The Milestones shall be appropriately
adjusted by the Committee to reflect any stock split, stock dividend, or other extraordinary event affecting the capitalization of the
Company.
B. Service
Vesting Criteria
The “Service Goal”
will be satisfied if Participant remains continuously employed by the Company until June 30, 2028.
If the Participant’s employment
with the Company terminates due to the Participant’s resignation of his employment or termination by the Company for any reason,
prior to the date the Service Goal is achieved, then all of the Performance Units shall be automatically forfeited on such date and neither
the Company nor any Affiliate shall have any further obligations to the Participant under this Agreement.

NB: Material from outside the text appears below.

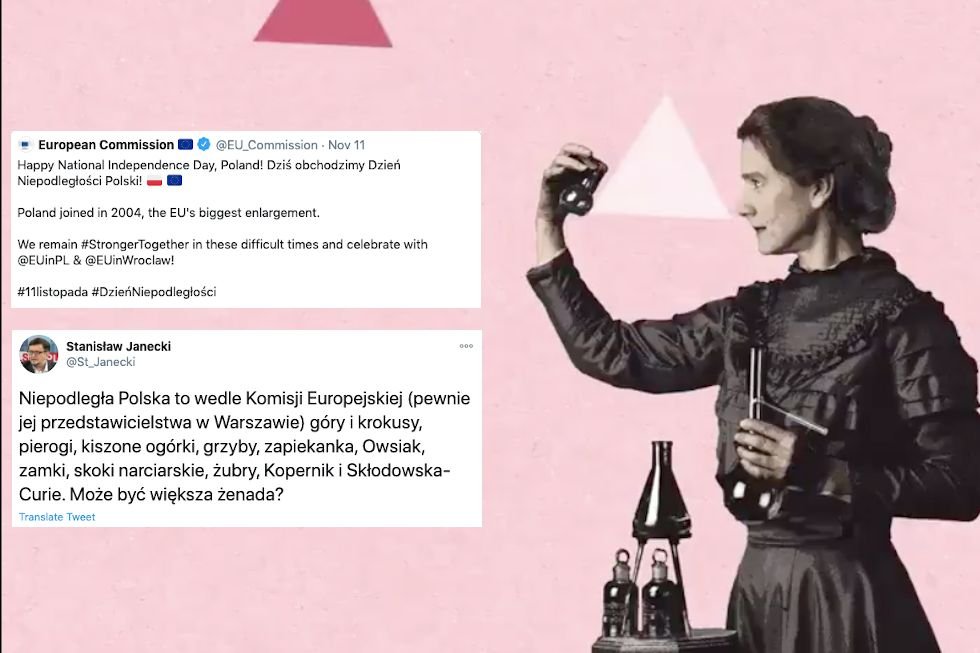 Z okazji Dnia Niepodległości Komisja Europejska opublikowała na swoim Twitterze krótkie, sympatyczne wideo o Polsce. Film - utrzymany w tej samej estetyce, co podobne o innych krajach - zawiera postacie Marii Skłodowskiej-Curie, Mikołaja Kopernika czy Adama Małysza, zabytkowe zamki, żubra, a także z gruntu polskie artefakty takie jak pierogi, ogórek kiszony i koszyk grzybów. Czy ktoś mógłby się o to pogniewać? Tak.

Notwithstanding the preceding, (A) if
the Company terminates the Participant’s employment due to (i) death, (ii) Disability (as defined in the Employment Agreement),
or (iii) without Cause, or (B) the Participant resigns his employment for Good Reason, then:
| · | Any Performance Unit for which the Milestone has been achieved on or before such date shall be vested
on the Participant’s employment termination date; and |
| · | Any Performance Units for which the Milestone has not been achieved on or before such date shall be forfeited
on the Participant’s employment termination date. |
C. Change
in Control.
If a Change in Control for the Company
occurs prior to June 30, 2028, and the Participant has remained continuously employed with the Company through the closing date for
such transaction, then the following shall apply:
| · | If the $20.00 Share Price Milestone has been attained on or before the closing date for such transaction,
then all of the Performance Goals shall be deemed to have been satisfied on the closing date for the Change in Control, subject to satisfaction
of the Service Goal. |
| · | In the event the Participant experiences a Qualifying Termination as a result of such Change in Control,
the Service Goal shall also be satisfied in its entirety on the Participant’s employment termination date. |
For clarity, the parties agree that
a public resale of securities of Target Hospitality Corp. by Arrow Holdings S.a.r.l. and/or Modulaire Global S.a.r.l. shall not, of its
own accord, result in a Change in Control.